··· INFORMATION GIVEN ···
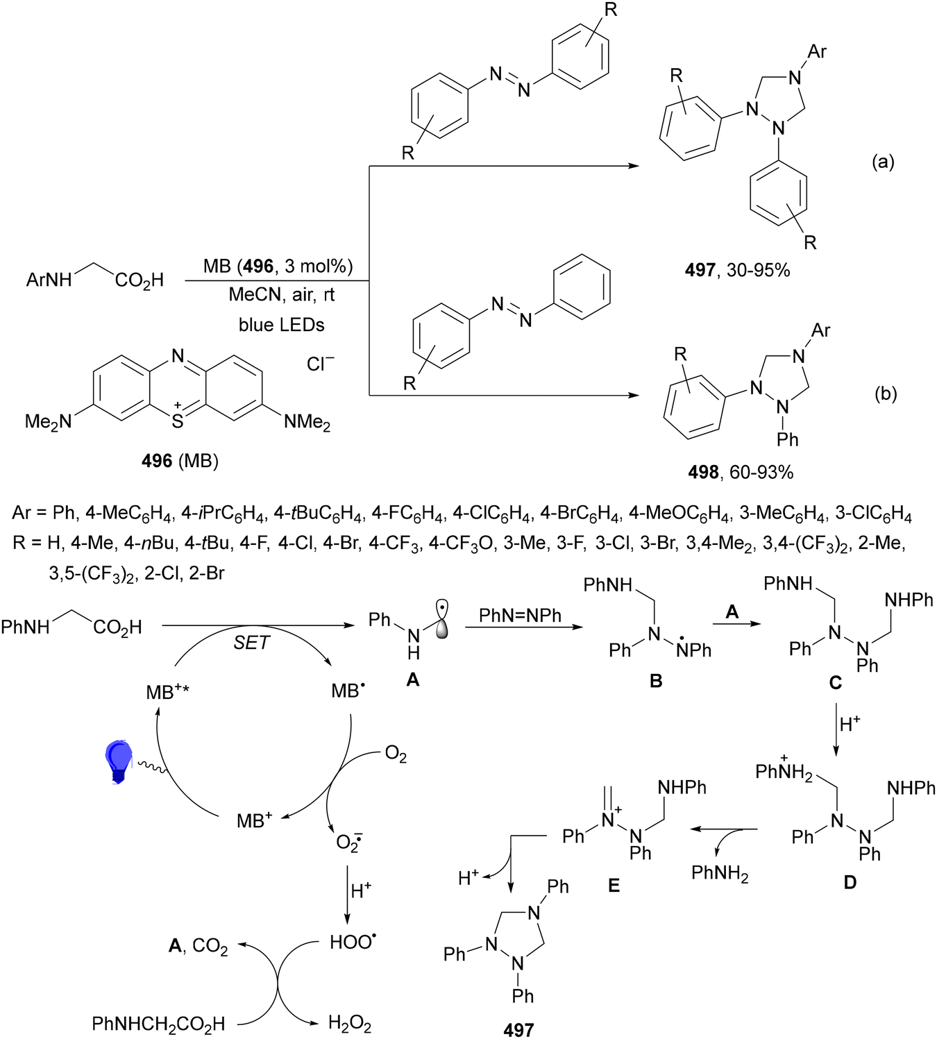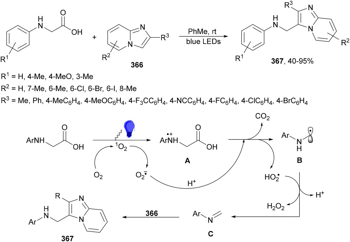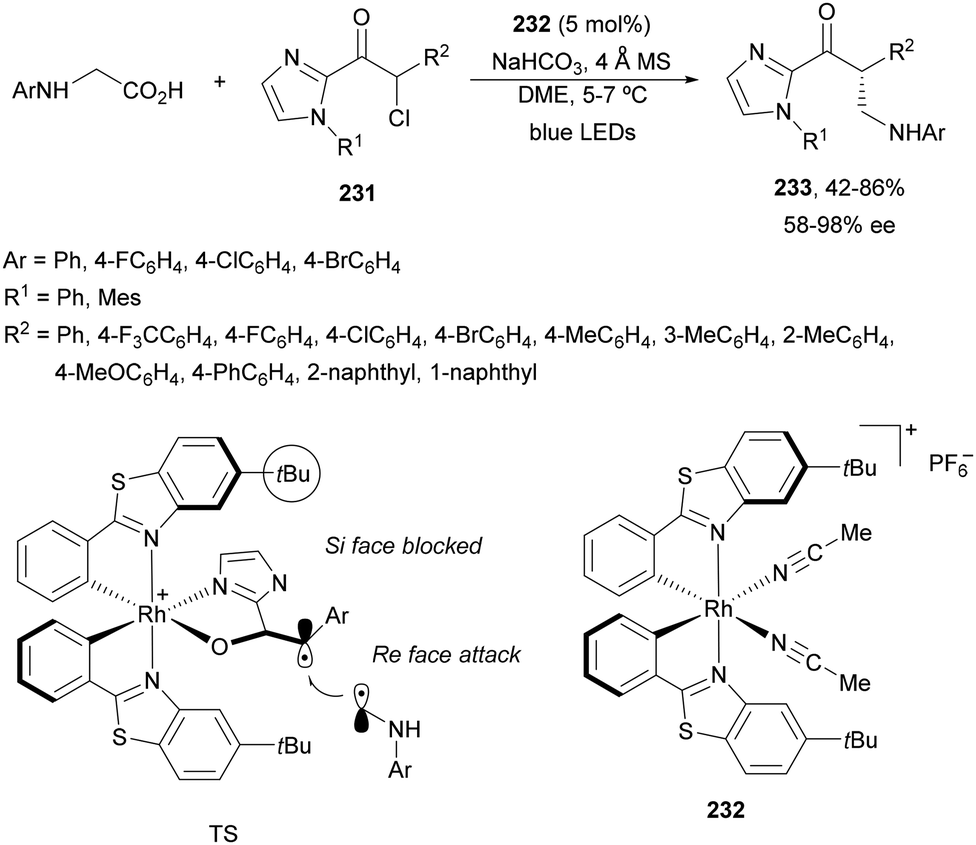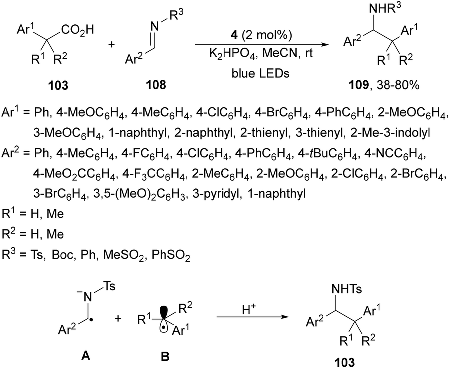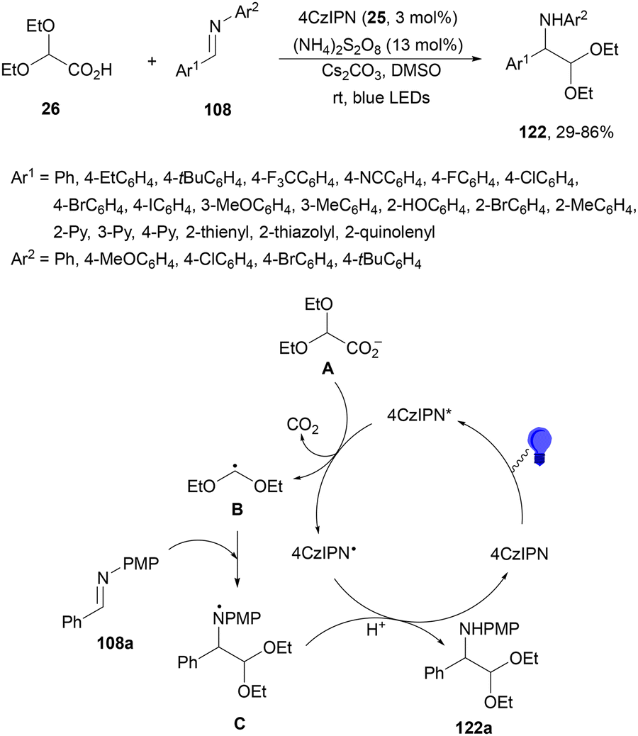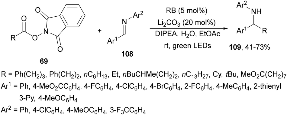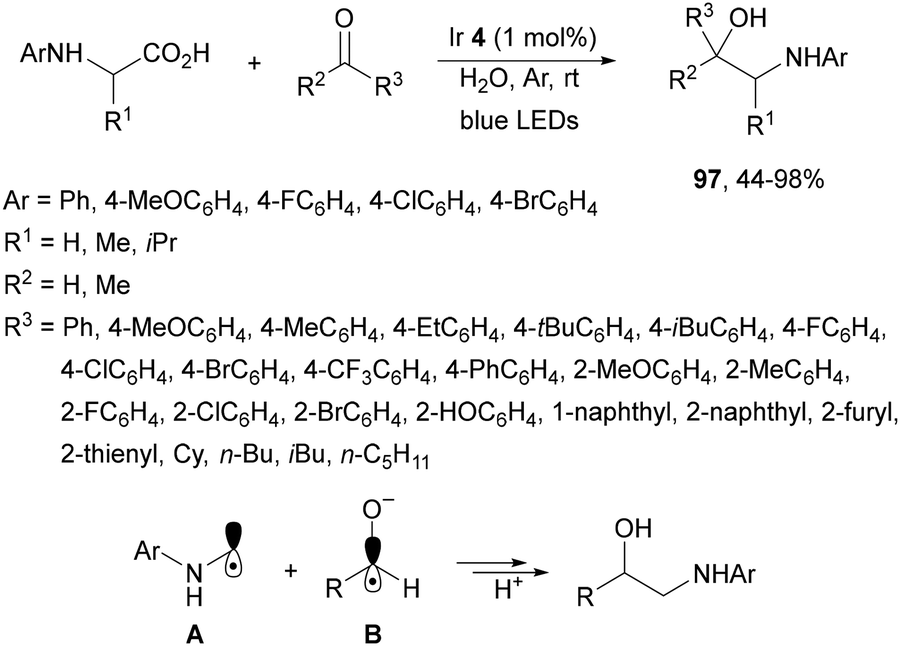 Decarboxylative addition of N-aryl amino acids to aldehydes or ketones has been described under visible-light in water at room temperature using Ir complex 4 as a photocatalyst (Scheme 34).105 The corresponding 1,2-amino alcohols 97 were obtained in very good yields and the reaction of N-phenyl glycine and 4-MeOC6H4CHO was carried out on a gram scale. According to experimental studies the α-amino radical A reacts with the alcoholate radical B to provide the product.
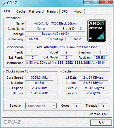Результат разгона AMD Athlon X2 (Kuma)
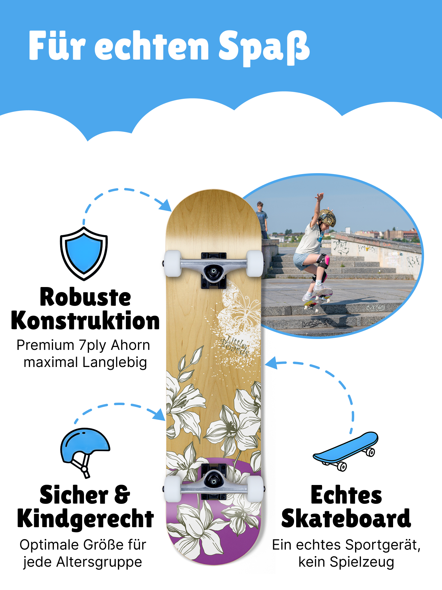 Le skateboard complet Little Boards « Flowers » est spécialement conçu pour les enfants.
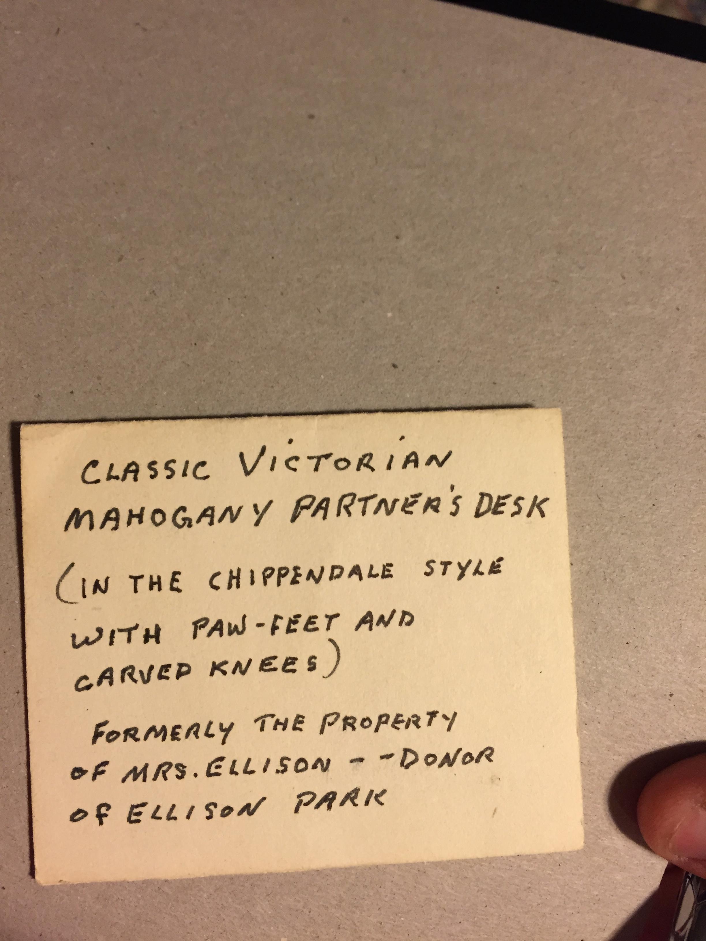 "Classic Victorian Mahogany Partners Desk in Chippendale Style with Paw Feet and Carved Knees. Formerly the property of Mrs Ellison - Donor of Ellison Park"
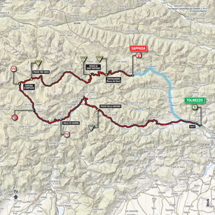 La dernière montée jusqu’à Sappada n’est pas répertoriée, mais elle peut aussi faire la différence. Trois kilomètres à 6,6 % de moyenne, cela annonce tout de même une difficile conclusion après plus de 170 kilomètres dans les Dolomites.
···
* **EXERCISE OBJECTIVE**: A word-for-word transcript of the entries above is needed, with pictures removed.

* **RESPONSE**:
 Decarboxylative addition of N-aryl amino acids to aldehydes or ketones has been described under visible-light in water at room temperature using Ir complex 4 as a photocatalyst (Scheme 34).105 The corresponding 1,2-amino alcohols 97 were obtained in very good yields and the reaction of N-phenyl glycine and 4-MeOC6H4CHO was carried out on a gram scale. According to experimental studies the α-amino radical A reacts with the alcoholate radical B to provide the product.
Результат разгона AMD Athlon X2 (Kuma)
 Le skateboard complet Little Boards « Flowers » est spécialement conçu pour les enfants.
 "Classic Victorian Mahogany Partners Desk in Chippendale Style with Paw Feet and Carved Knees. Formerly the property of Mrs Ellison - Donor of Ellison Park"
 La dernière montée jusqu’à Sappada n’est pas répertoriée, mais elle peut aussi faire la différence. Trois kilomètres à 6,6 % de moyenne, cela annonce tout de même une difficile conclusion après plus de 170 kilomètres dans les Dolomites.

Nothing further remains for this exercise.